Frantz tout petit avait fait une chute et était resté boiteux. Cette infirmité, mal vue généralement des gens de campagne, qui apprécient mieux les qualités physiques que les qualités morales, le rendait encore plus cher à son père, qui travaillait sans relâche pour donner au pauvre déshérité toutes les joies, tous les plaisirs qui pouvaient compenser sa triste position.

Faible et chétif d’ailleurs, le petit garçon ne se mêlait pas aux jeux des camarades de son âge ; mais, assis des heures entières près de l’établi de son père, il le regardait, taillant, rognant, sabotant ; et le brave homme ne sentait ni lassitude, ni fatigue, tant que le doux regard de son fils était posé sur lui.

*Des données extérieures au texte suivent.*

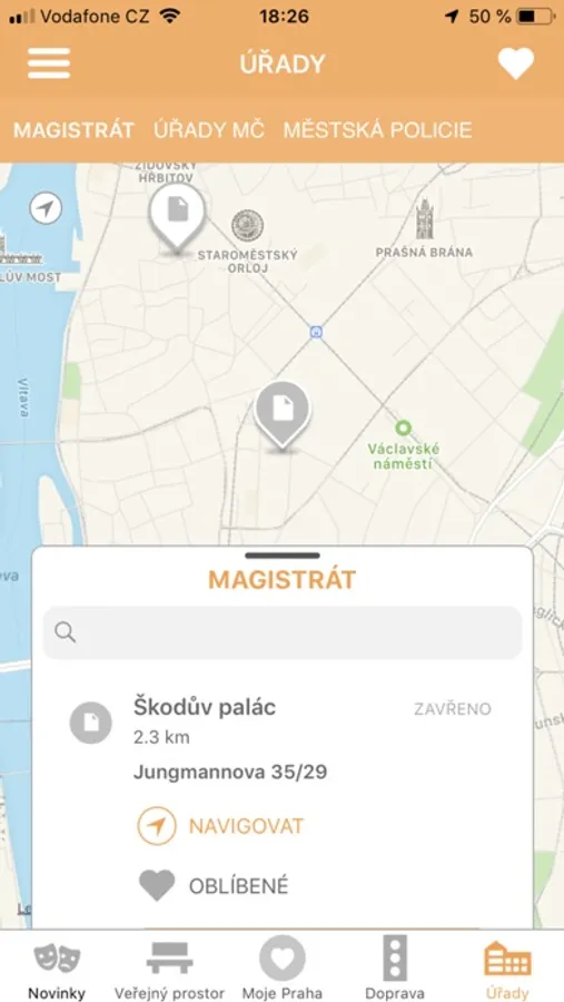 Cílem aplikace Moje Praha je je usnadnit všem občanům orientaci v městském prostoru. Aplikace využívá pražská otevřená data a zpřístupňuje je občanům v elegantní, přehledné a použitelné podobě. Poskytuje dopravní informace, kulturní aktuality, kontakty a otevírací doby na úřady, knihovny, lékárny a zdravotnická zařízení a mnoho dalšího. Vše s možností ukládání do oblíbených či navigace na místo.
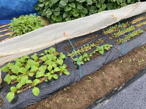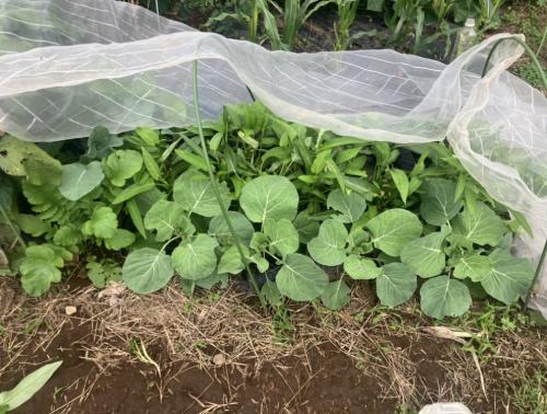 各所、発芽しています。 未発芽ゾーンは再播種し、発芽ゾーンは間引き作業です。 モグラ凹が酷くてイラっとするが、何とか採れそうな感じ。
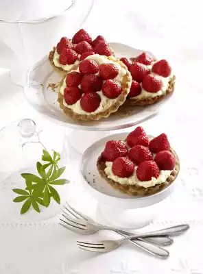 Place the tartelettes on the oven rack. Bake in the preheated oven (electric cooker: 200 °C/ convection oven: 175 °C/ gas: level 3) for 12-15 minutes. Take out, let cool down briefly. Remove from the tins and allow to cool
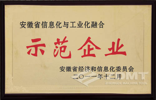 中德機床獲安徽省“信息化與工業化融合示范企業”稱號
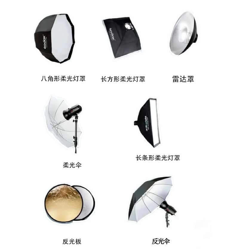 在拍摄短视频的过程中,光线的运用直接影响着最终成片的质量。一般情况下,为了避免画面昏暗、细节丢失,创作者会使用灯光设备来提高画面的亮度。并且,合理布置灯光能够有效减少阴影,使画面更加通透、色彩更加饱满,从而给观众带来舒适的视觉体验。常用的灯光设备如图1-5所示。

« Sois tranquille, petiot, disait-il souvent en passant sa main calleuse dans les boucles blondes de l’enfant, je travaillerai tant que tu n’auras pas besoin de travailler, toi ! »

Pour arriver plus vite à son but, le sabotier ajouta une seconde corde à son arc.

Comme les pâtres des Alpes, il savait faire mille jolies choses avec son couteau. Il songea à utiliser ce talent et se mit à sculpter des statuettes de saints, de saintes, etc., qu’il essaya de vendre.

Mais le sculpteur eut moins de succès que le sabotier.

« Pourquoi perdre son temps à ces babioles quand on a un bon état ? » disaient les bonnes gens incapables d’apprécier le mérite réel de Verner.